Skrea IF
- Full name: Skrea Idrottsförening
- Founded: 1931
- Ground: Skrea IP Skrea Sweden
- Head coach: Uno Andersson
- Coach: Martin Blomqvist
- League: Division 4 Halland Elit
| Home colours |

= Skrea IF =

Swedish football club

Skrea IF is a Swedish football club located in Skrea, Falkenberg Municipality.

==Background==
Skrea IF currently plays in Division 4 Halland Elit which is the sixth tier of Swedish football. They play their home matches at the Skrea IP in Falkenberg.

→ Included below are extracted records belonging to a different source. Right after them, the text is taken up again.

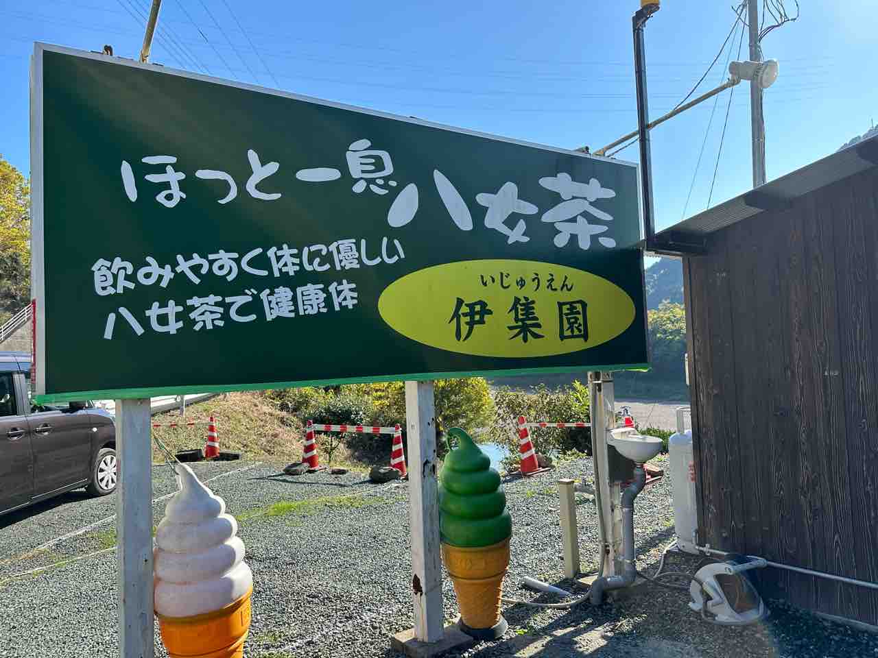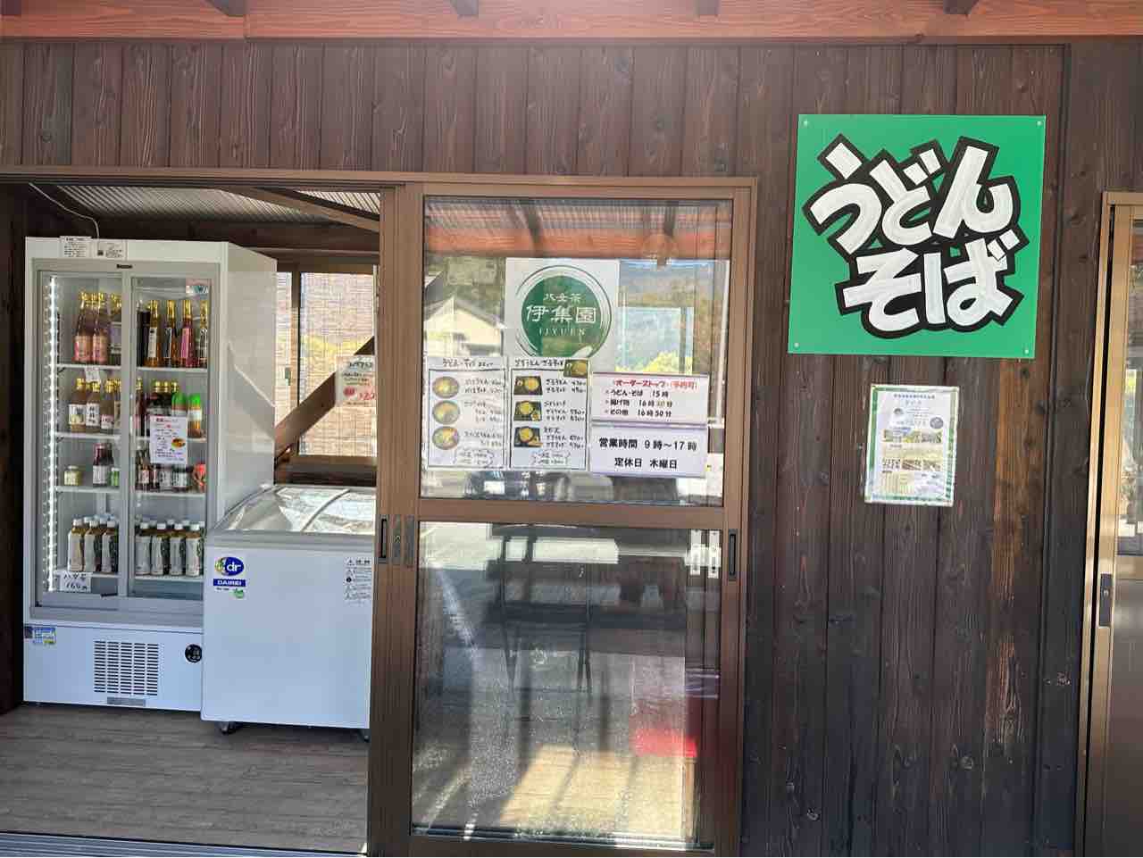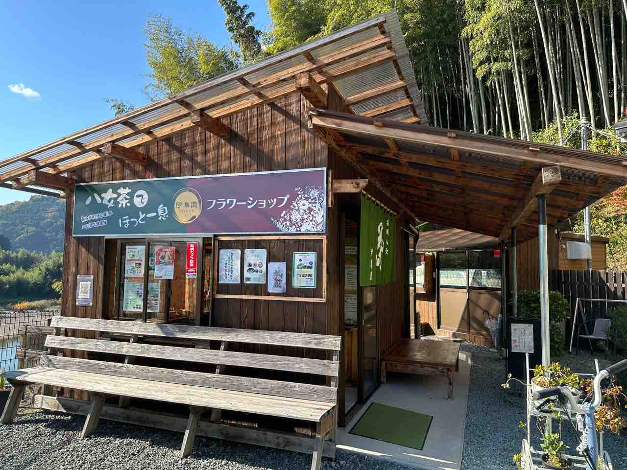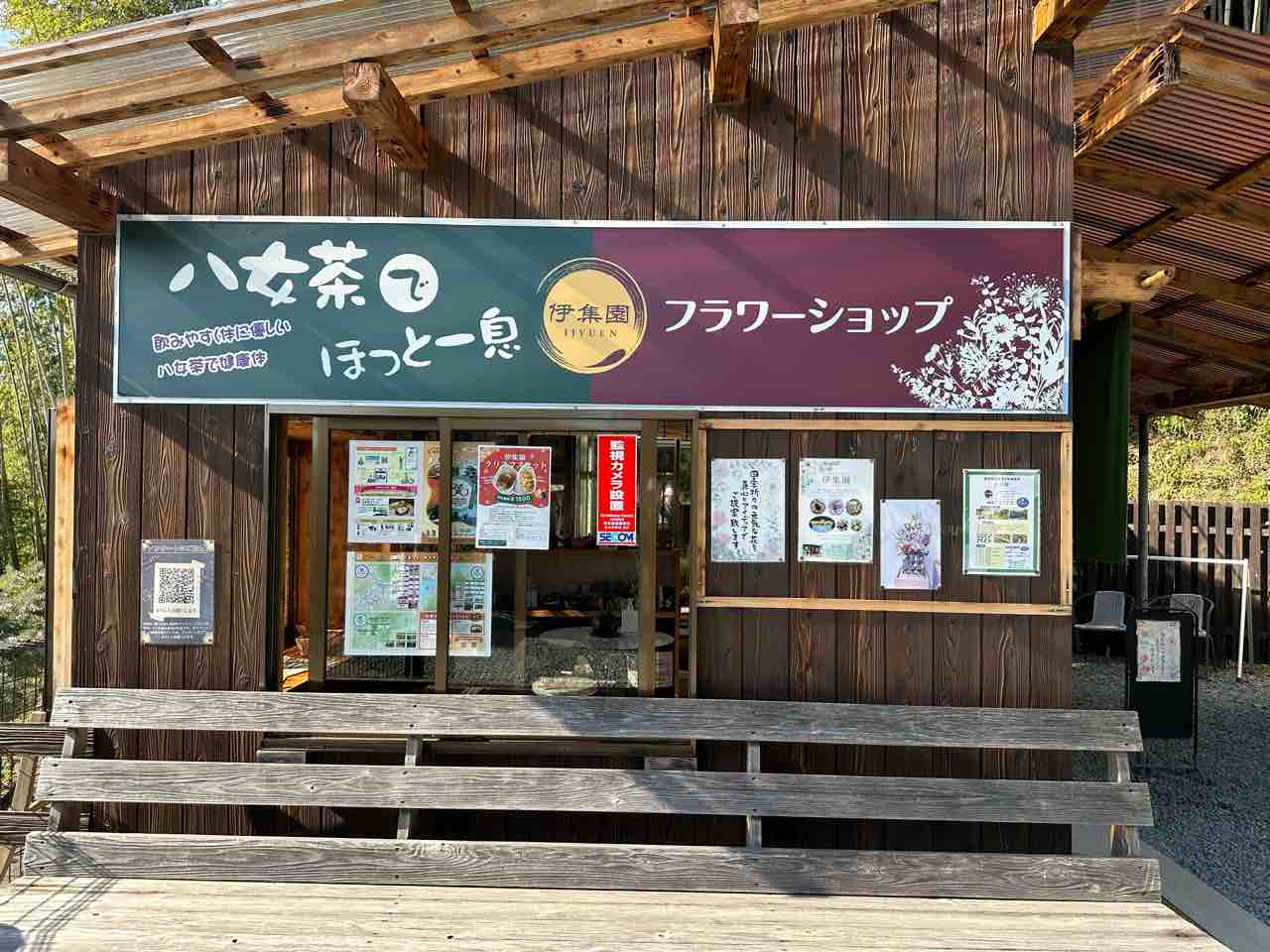 右手の店舗も木の温かみを感じさせるデザインで、入り口近くには「八女茶でほっと一息」と書かれた看板が訪れる人を迎えます。
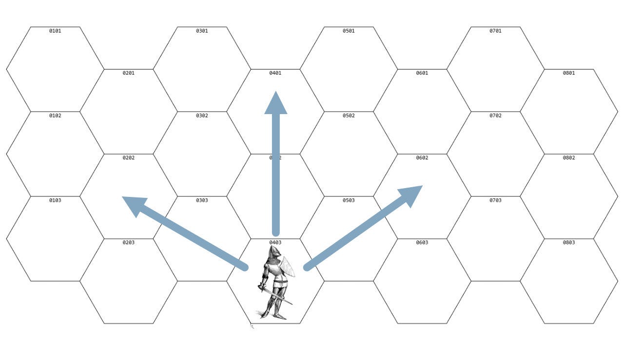 No restriction in movement direction. Other than designed obstacles (e.g. an impassable mountain hex), players can move freely in six directions.
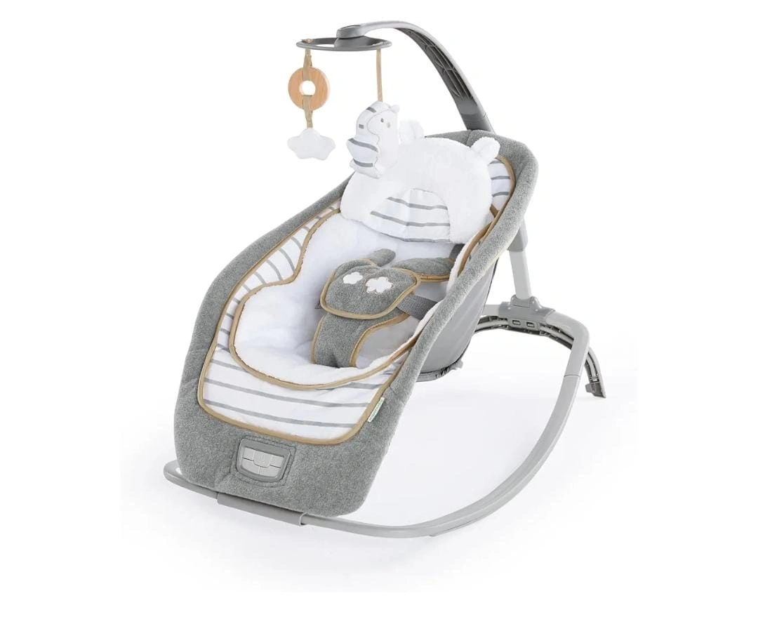 Selling a baby bouncer snd rocking chair ! It's in new open box condition and ready for a new home. This cozy bouncer is perfect for keeping your little one comfortable and entertained. The soft fabrics and gentle rocking motion will soothe your baby, while the overhead toys provide visual stimulation and fun
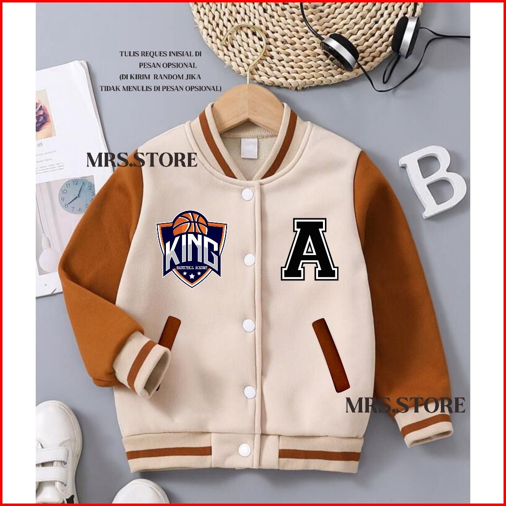 Jacket Baseball Varsity Anak Laki Laki Perempuan King Umur 2 3 4 5 6 7 8 9 10 11 12 Tahun Full Sablon Dtf Premium Jacket
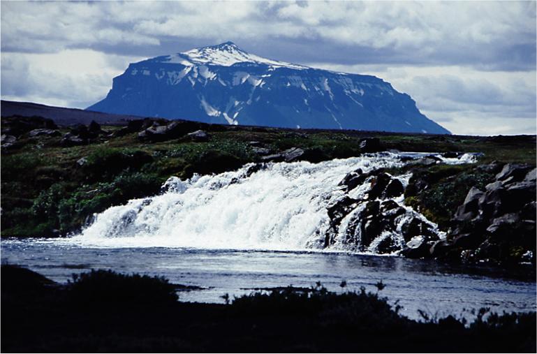 A waterfall in Grafarlandaá river with Herðubreið (1682 m) 25 km away
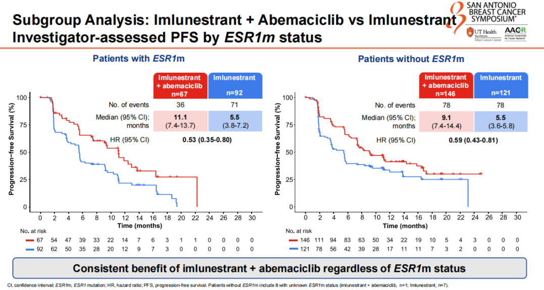 王树森教授:HR+/HER2-晚期乳腺癌是乳腺癌各亚型中占比最高的一种亚型,约70%的患者为这一亚型。这部分患者对于内分泌药物治疗敏感,目前临床中有很多内分泌药物或者内分泌联合治疗方案可供选择。我特别看好口服SERD类药物的治疗疗效,口服SERD+CDK4/6抑制剂联合方案也已经有初步临床研究结果公布,如2024年SABCS大会上的EMBER-3研究就探讨了SERD(Imlunestrant)作为内分泌单药治疗和Imlunestrant+阿贝西利治疗在HR+/HER2-晚期乳腺癌患者中的疗效和安全性。结果显示,Imlunestrant+阿贝西利相较于内分泌单药治疗,无论对于ESR1突变人群,还是CDK4/6抑制剂经治人群、PI3K通路改变人群,都有PFS的改善,因此,我觉得这样的组合是很值得进行进一步临床探索的。
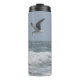 Tumbler térmico com foto de um carregando de gaivota sobre o oceano Atlântico.
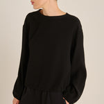 Top crop de la firma italiana Herno, ligeramente oversize . Cuello caja y manga larga con elástico en el puño. Cintas de gross grain a los lados para recoger y fruncir el bajo. Tejido fluido estilo neopreno. Composición: 100% poliéster. Hecho en Italia. Tallaje italiano.
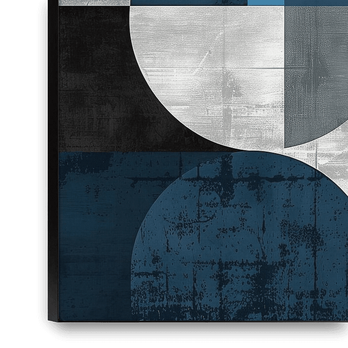A visual masterpiece that captures the essence of geometric art. This abstract composition of overlapping rectangles in deep blues and subtle shades of grey creates a harmonious balance of structure and dynamism. The textures and colour gradations create a fascinating depth that lends any room a modern yet timeless aesthetic. Perfect…
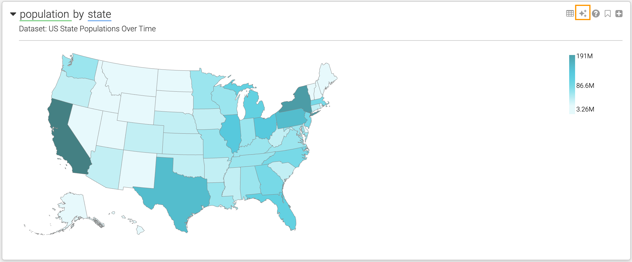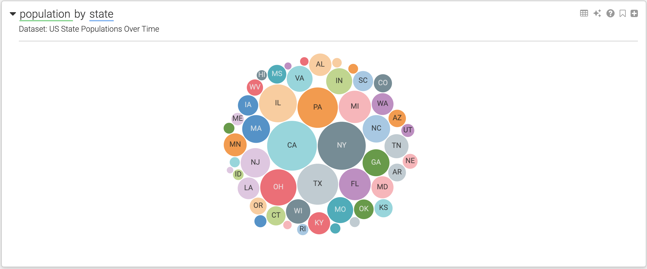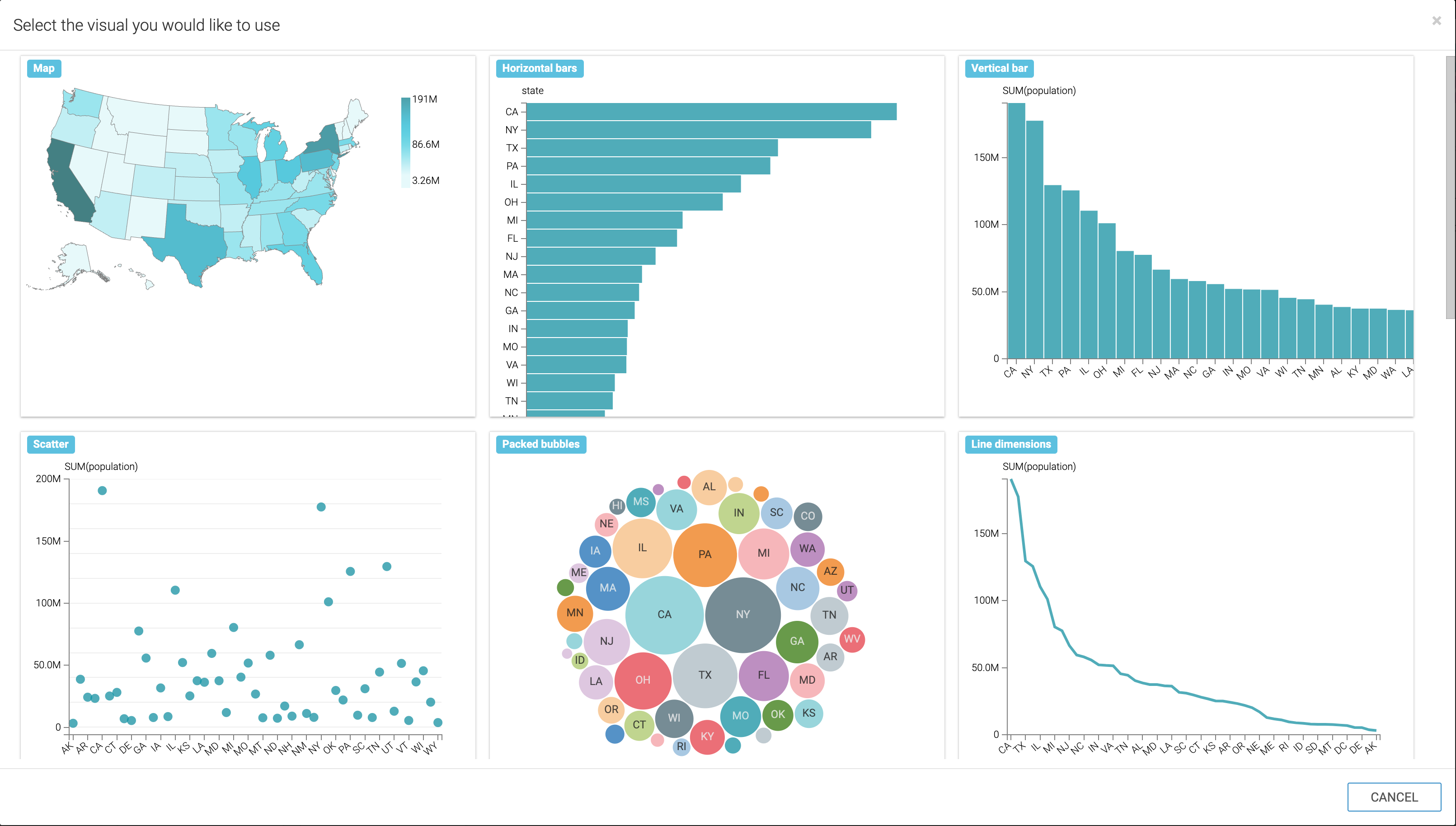 Changing result visual type through explore In the Search Results menu, select the visual you would like to change, and click the Explore icon. A modal window opens, where you can preview the different visuals. The top left corner of each tile indicates the visual type. Select one of the visuals. The new visual type replaces the one originally generated by the search.

The club is affiliated to Hallands Fotbollförbund.

==Season to season==

| Season | Level | Division | Section | Position | Movements |
|---|---|---|---|---|---|
| 2006* | Tier 7 | Division 5 | Halland Södra | 2nd | Promotion Playoffs |
| 2007 | Tier 7 | Division 5 | Halland Södra | 10th |  |
| 2008 | Tier 7 | Division 5 | Halland Södra | 1st | Promoted |
| 2009 | Tier 6b | Division 4 | Halland | 1st | Promoted |
| 2010 | Tier 6a | Division 4 | Halland Elit | 9th |  |
| 2011 | Tier 6a | Division 4 | Halland Elit |  |  |

- League restructuring in 2006 resulted in a new division being created at Tier 3 and subsequent divisions dropping a level.